Work item: If a record contains an image, leave the image out and repeat everything else exactly.

Records supplied:
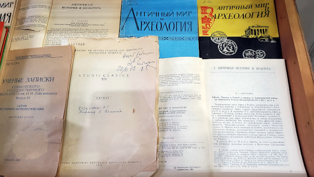 Из многочисленных работ Владимира Григорьевича на выставке представлены: его монографии «В мире античных свитков», «Квинт Гораций Флакк. Поэзия и время», «Вечное искусство Эллады»; переводы с комментариями «Мифологической библиотеки» Аполлодора и «Киропедии» Ксенофонта (обе книги изданы в серии «Литературные памятники»).
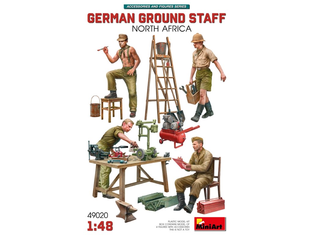 Model German Ground Staff w/Accessories. North Africa v měřítku 1/35 od MiniArt představuje sadu figurek německého pozemního personálu s příslušenstvím z prostředí severoafrického bojiště druhé světové války. Balení neobsahuje barvy ani lepidla potřebné k sestavení.
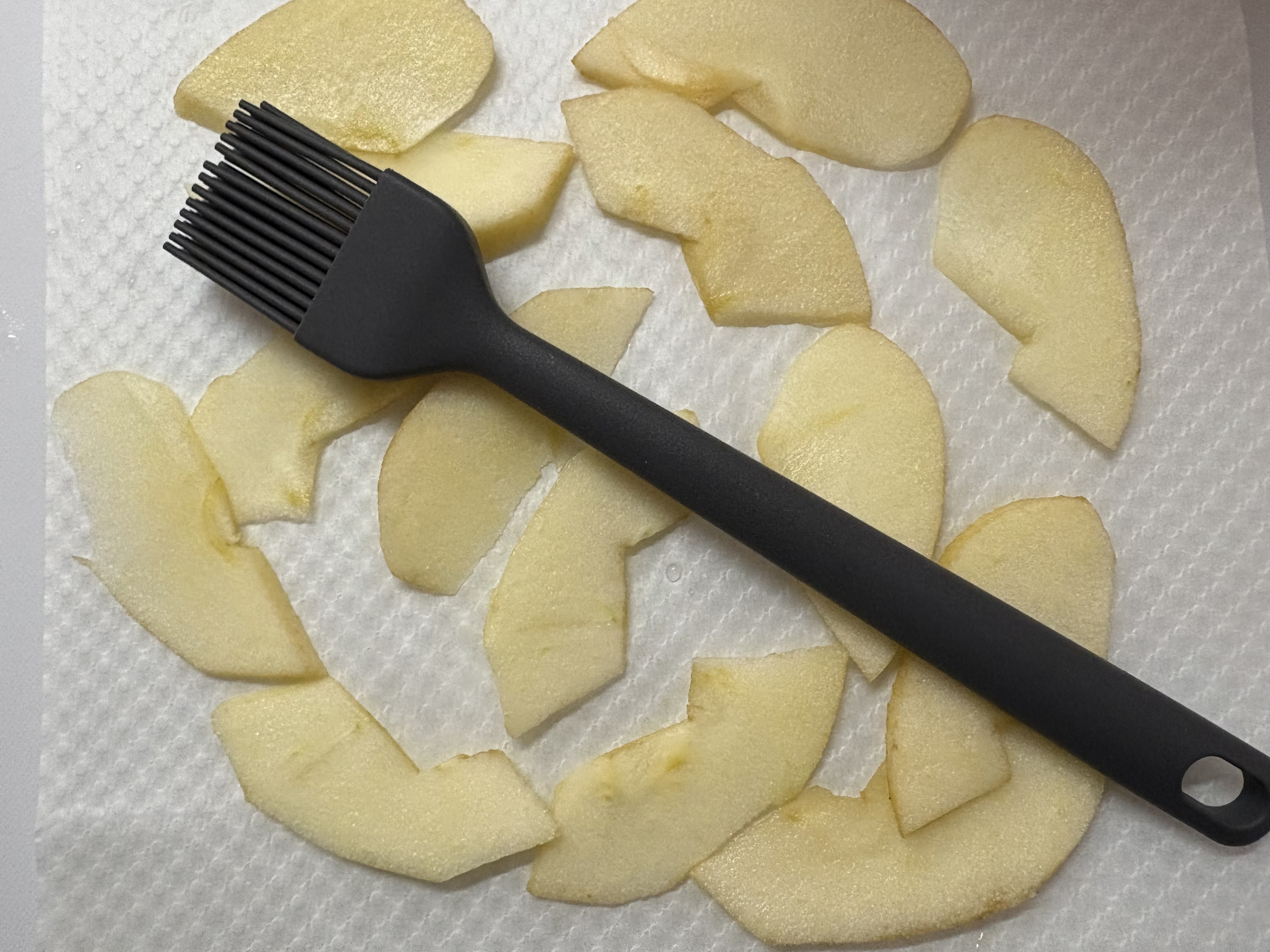 2.りんごにシリコンハケhttps://www.nitori-net.jp/ec/product/2111200002621s/で、油をうっすら塗ります
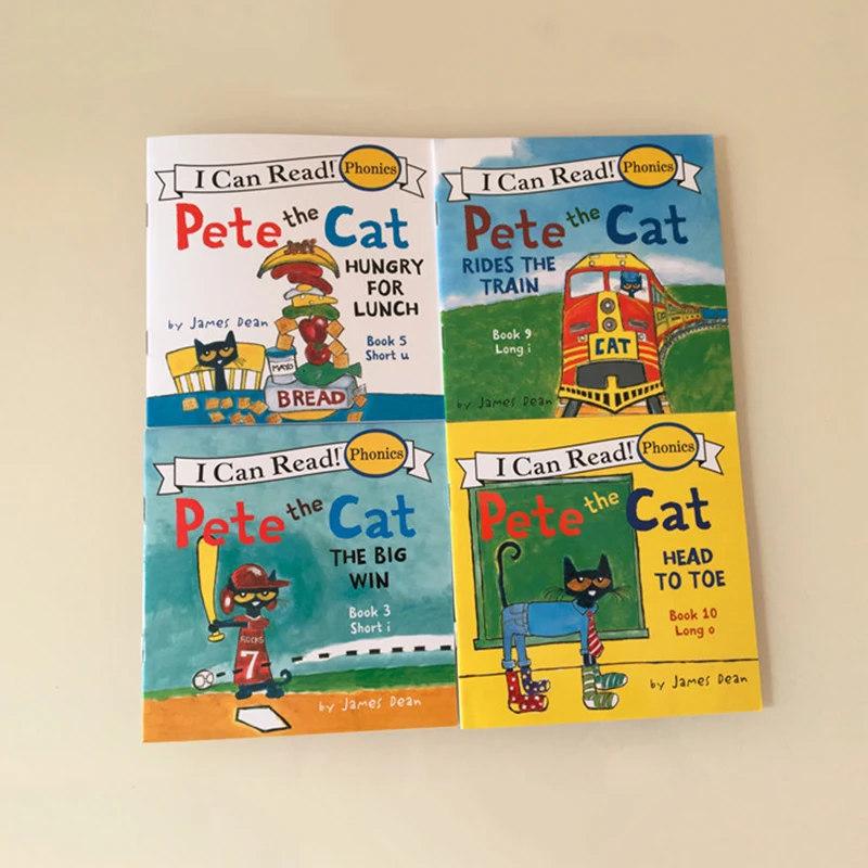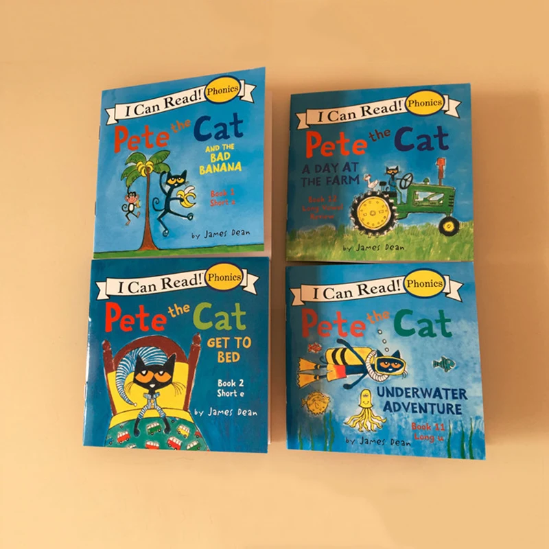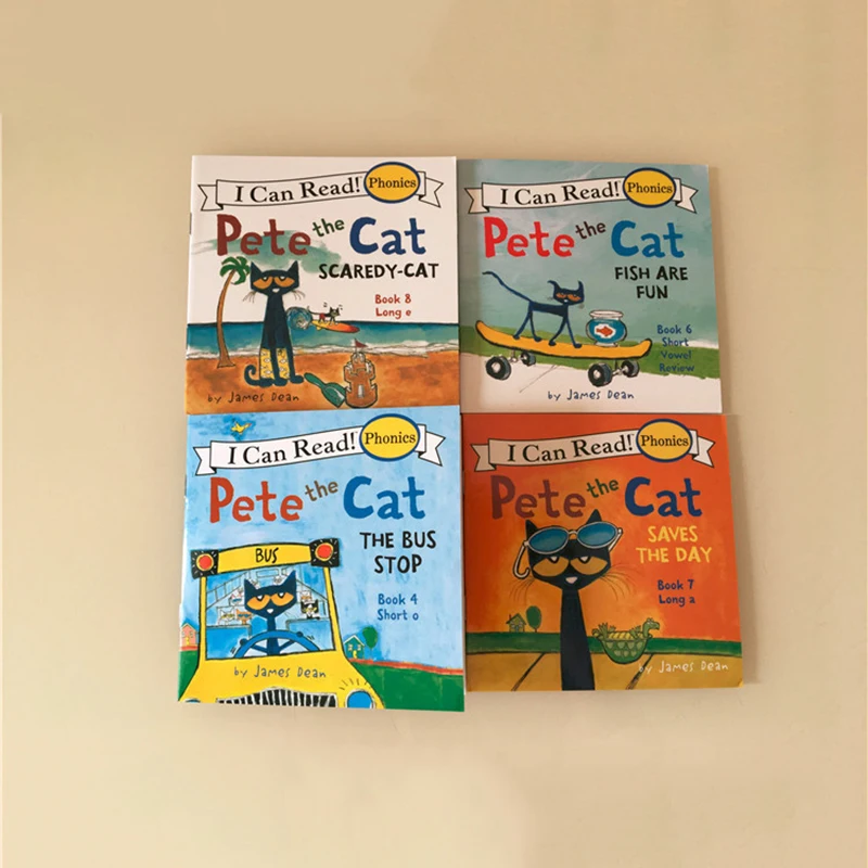 Детские книги с рисунками, 4 случайных книжки 13x13 см, детская серия с английским Питом и котом, Storybook Child IQ EQ, тренировка перед сном
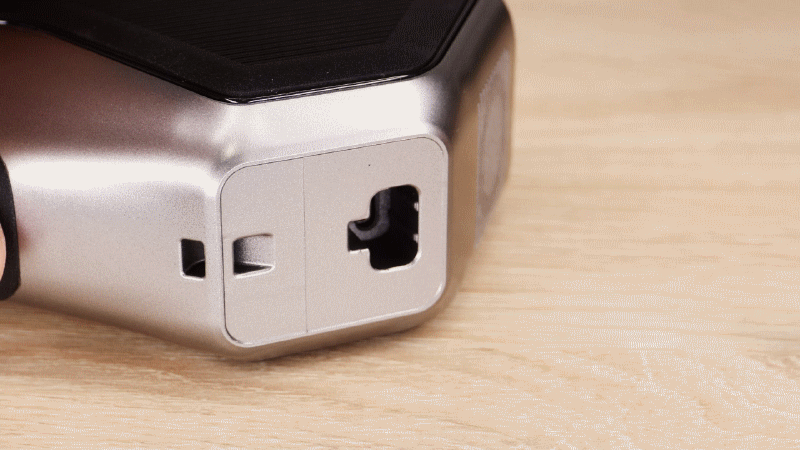 В основании есть прорезиненные ножки, обеспечивающие устойчивость во время работы. Разъем питания расположен сзади, поставляется с блоком 12В 2А. Также есть удобные переходники для разных типов розеток.
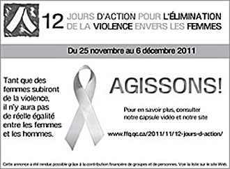 La Campagne des 12 jours d’action pour l’élimination de la violence envers les femmes, coordonnée par la Fédération des femmes du Québec (FFQ), est menée conjointement avec: le comité des femmes des communautés culturelles de la FFQ, la Concertation des luttes contre l’exploitation sexuelle, la Fédération de ressources d’hébergement pour femmes violentées et en difficulté du Québec, la Fédération interprofessionnelle de la santé du Québec – FIQ, Femmes Autochtones du Québec, L’R des centres de femmes du Québec, le Regroupement des maisons pour femmes victimes de violence conjugale, le Regroupement québécois des centres d’aide et de lutte contre les agressions à caractère sexuel – RQCALACS, le Réseau d’action des femmes handicapées du Canada, le Réseau des lesbiennes du Québec et la Table de concertation des organismes au service des personnes réfugiées et immigrantes.
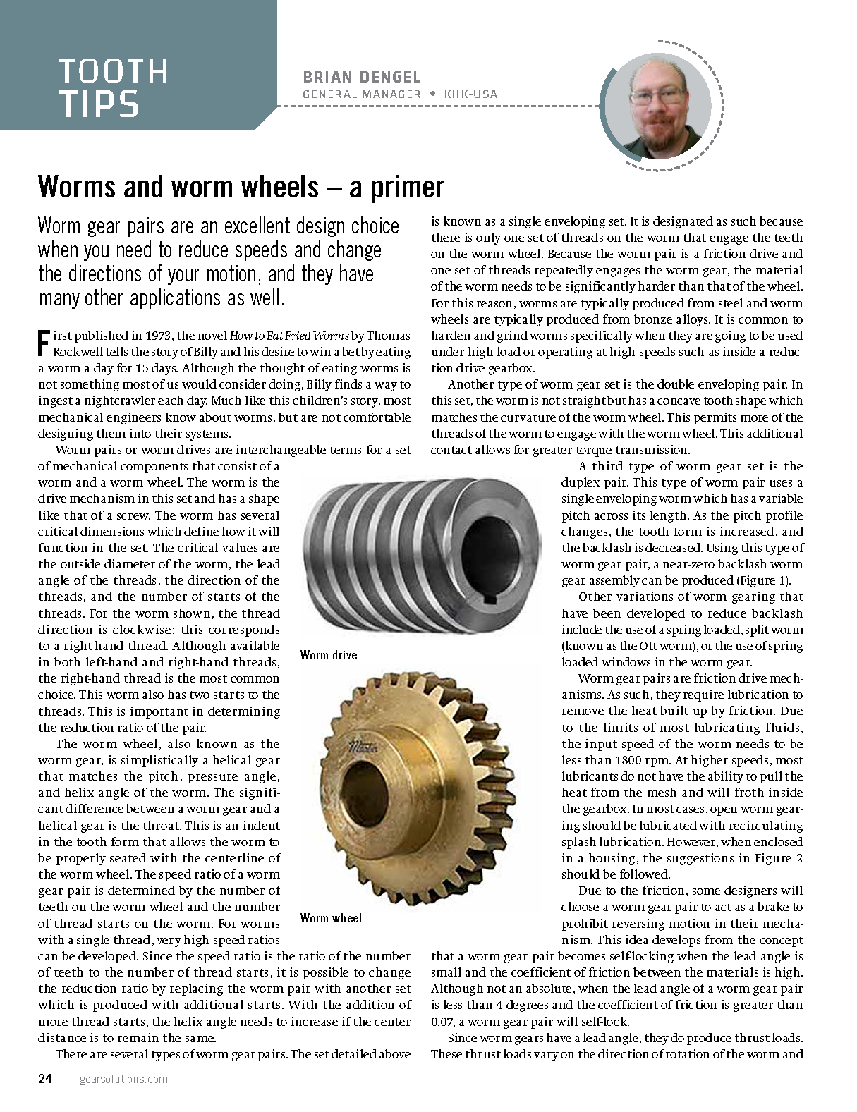 First published in 1973, the novel How to Eat Fried Worms by Thomas Rockwell tells the story of Billy and his desire to win a bet by eating a worm a day for 15 days. Although the thought of eating worms is not something most of us would consider doing, Billy finds a way to ingest a nightcrawler each day. Much like this children’s story, most mechanical engineers know about worms, but are not comfortable designing them into their systems.
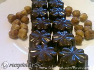 Hozzávalók: 100 g tejcsokoládé 150 g mogyorókrém 15 mogyoró Elkészítése: A gőz fölött megolvasztott tejcsokoládéval kikenjük a bonbonforma mélyedéseit, majd betesszük kb 5 percre a hűtőbe vagy fagyasztóba, hogy megdermedjen. Ezt a műveletet összesen 3 x ismételjük meg. Mikor az utolsó réteg is megdermedt, mindegyik mélyedésbe tegyünk egy-egy szem mogyorót és langyosra felmelegített mogyorókrémet csorgatunk […]

Task output:
 Из многочисленных работ Владимира Григорьевича на выставке представлены: его монографии «В мире античных свитков», «Квинт Гораций Флакк. Поэзия и время», «Вечное искусство Эллады»; переводы с комментариями «Мифологической библиотеки» Аполлодора и «Киропедии» Ксенофонта (обе книги изданы в серии «Литературные памятники»).
 Model German Ground Staff w/Accessories. North Africa v měřítku 1/35 od MiniArt představuje sadu figurek německého pozemního personálu s příslušenstvím z prostředí severoafrického bojiště druhé světové války. Balení neobsahuje barvy ani lepidla potřebné k sestavení.
 2.りんごにシリコンハケhttps://www.nitori-net.jp/ec/product/2111200002621s/で、油をうっすら塗ります
 Детские книги с рисунками, 4 случайных книжки 13x13 см, детская серия с английским Питом и котом, Storybook Child IQ EQ, тренировка перед сном
 В основании есть прорезиненные ножки, обеспечивающие устойчивость во время работы. Разъем питания расположен сзади, поставляется с блоком 12В 2А. Также есть удобные переходники для разных типов розеток.
 La Campagne des 12 jours d’action pour l’élimination de la violence envers les femmes, coordonnée par la Fédération des femmes du Québec (FFQ), est menée conjointement avec: le comité des femmes des communautés culturelles de la FFQ, la Concertation des luttes contre l’exploitation sexuelle, la Fédération de ressources d’hébergement pour femmes violentées et en difficulté du Québec, la Fédération interprofessionnelle de la santé du Québec – FIQ, Femmes Autochtones du Québec, L’R des centres de femmes du Québec, le Regroupement des maisons pour femmes victimes de violence conjugale, le Regroupement québécois des centres d’aide et de lutte contre les agressions à caractère sexuel – RQCALACS, le Réseau d’action des femmes handicapées du Canada, le Réseau des lesbiennes du Québec et la Table de concertation des organismes au service des personnes réfugiées et immigrantes.
 First published in 1973, the novel How to Eat Fried Worms by Thomas Rockwell tells the story of Billy and his desire to win a bet by eating a worm a day for 15 days. Although the thought of eating worms is not something most of us would consider doing, Billy finds a way to ingest a nightcrawler each day. Much like this children’s story, most mechanical engineers know about worms, but are not comfortable designing them into their systems.
 Hozzávalók: 100 g tejcsokoládé 150 g mogyorókrém 15 mogyoró Elkészítése: A gőz fölött megolvasztott tejcsokoládéval kikenjük a bonbonforma mélyedéseit, majd betesszük kb 5 percre a hűtőbe vagy fagyasztóba, hogy megdermedjen. Ezt a műveletet összesen 3 x ismételjük meg. Mikor az utolsó réteg is megdermedt, mindegyik mélyedésbe tegyünk egy-egy szem mogyorót és langyosra felmelegített mogyorókrémet csorgatunk […]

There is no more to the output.